*** Opening DATA PROVIDED ***

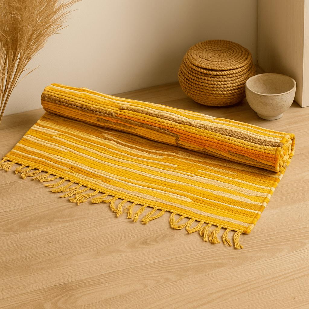 Each piece is woven from varied textiles, creating horizontal bands of yellow and orange with gentle whites and occasional darker flecks. The flat, tightly woven surface feels sturdy underfoot while adding inviting texture to the room. Slight irregularities in stripe width and tone celebrate the maker’s hand and the fabric’s second life. As with all true handwoven rag rugs, colors and sizes may vary a little, giving every rug its own character and story of renewal.
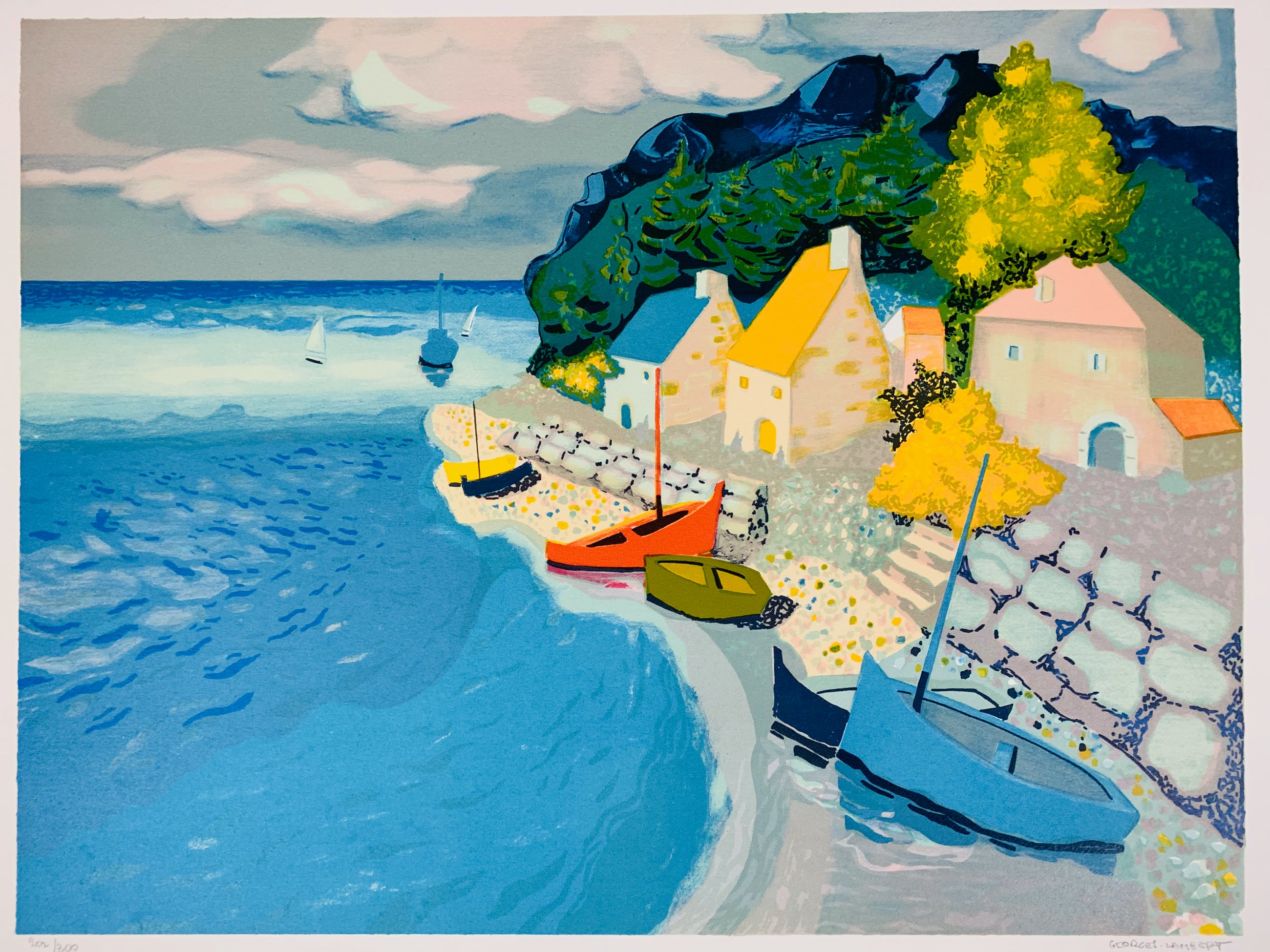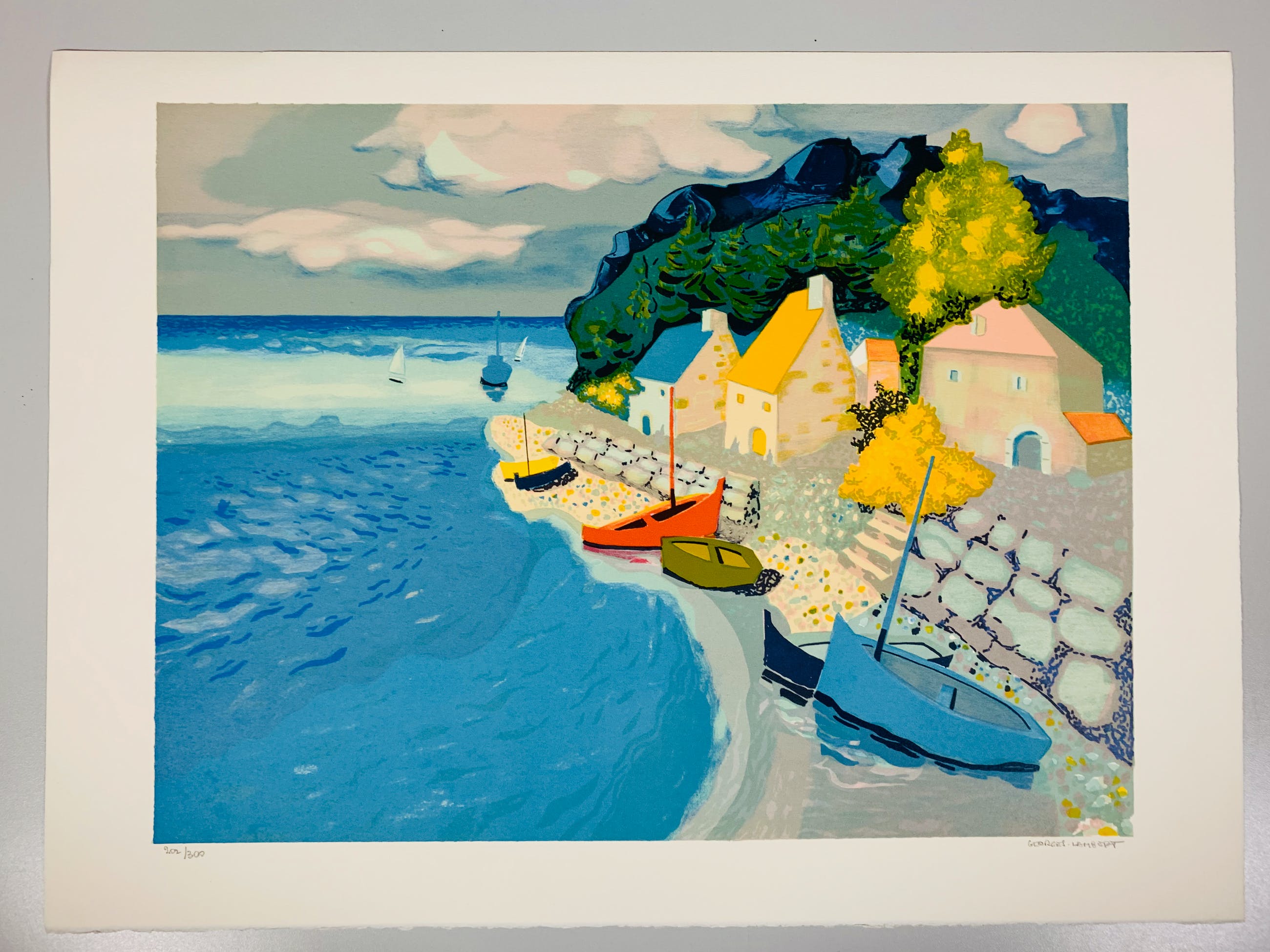 Conditie: uitstekend. Vel heeft 2 lichte deukjes, zie foto's. Oplage: 200/300. Nummers op de foto kunnen afwijken. Papiersoort: Arches. Afmeting afbeelding: 47 x 62 cm. Wordt verzekerd verzonden in een stevige kartonnen koker. Gecombineerde verzending mogelijk t/m 4 lithografieën.
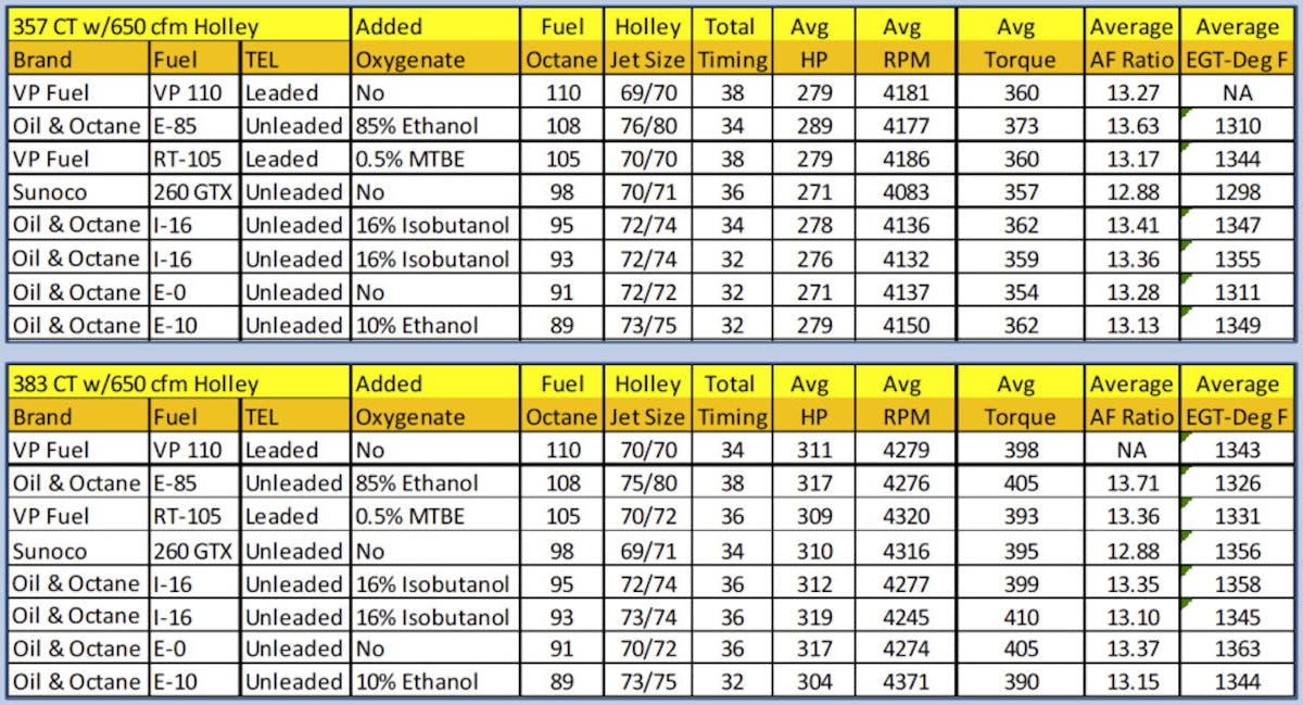 The engine parameters were constant with Quicksilver’s CT engines using 1 5/8-inch headers, a Holley 650 cfm carburetor, 205-degree F thermostat, a 270-degree F oil cooler, and conducted on a programmable engine dyno with computerized data collection. Each engine was allowed a 4-hour dyno break between each different fuel test. This eliminated any chance of “power float” in a fresh engine, as well as fluctuations due to engine temperature variances.

*** Closing DATA PROVIDED ***

* EXERCISE INSTRUCTIONS
Please repeat the listing precisely, excluding the pictures it contains.

* WRITTEN ANSWER
 Each piece is woven from varied textiles, creating horizontal bands of yellow and orange with gentle whites and occasional darker flecks. The flat, tightly woven surface feels sturdy underfoot while adding inviting texture to the room. Slight irregularities in stripe width and tone celebrate the maker’s hand and the fabric’s second life. As with all true handwoven rag rugs, colors and sizes may vary a little, giving every rug its own character and story of renewal.
 Conditie: uitstekend. Vel heeft 2 lichte deukjes, zie foto's. Oplage: 200/300. Nummers op de foto kunnen afwijken. Papiersoort: Arches. Afmeting afbeelding: 47 x 62 cm. Wordt verzekerd verzonden in een stevige kartonnen koker. Gecombineerde verzending mogelijk t/m 4 lithografieën.
 The engine parameters were constant with Quicksilver’s CT engines using 1 5/8-inch headers, a Holley 650 cfm carburetor, 205-degree F thermostat, a 270-degree F oil cooler, and conducted on a programmable engine dyno with computerized data collection. Each engine was allowed a 4-hour dyno break between each different fuel test. This eliminated any chance of “power float” in a fresh engine, as well as fluctuations due to engine temperature variances.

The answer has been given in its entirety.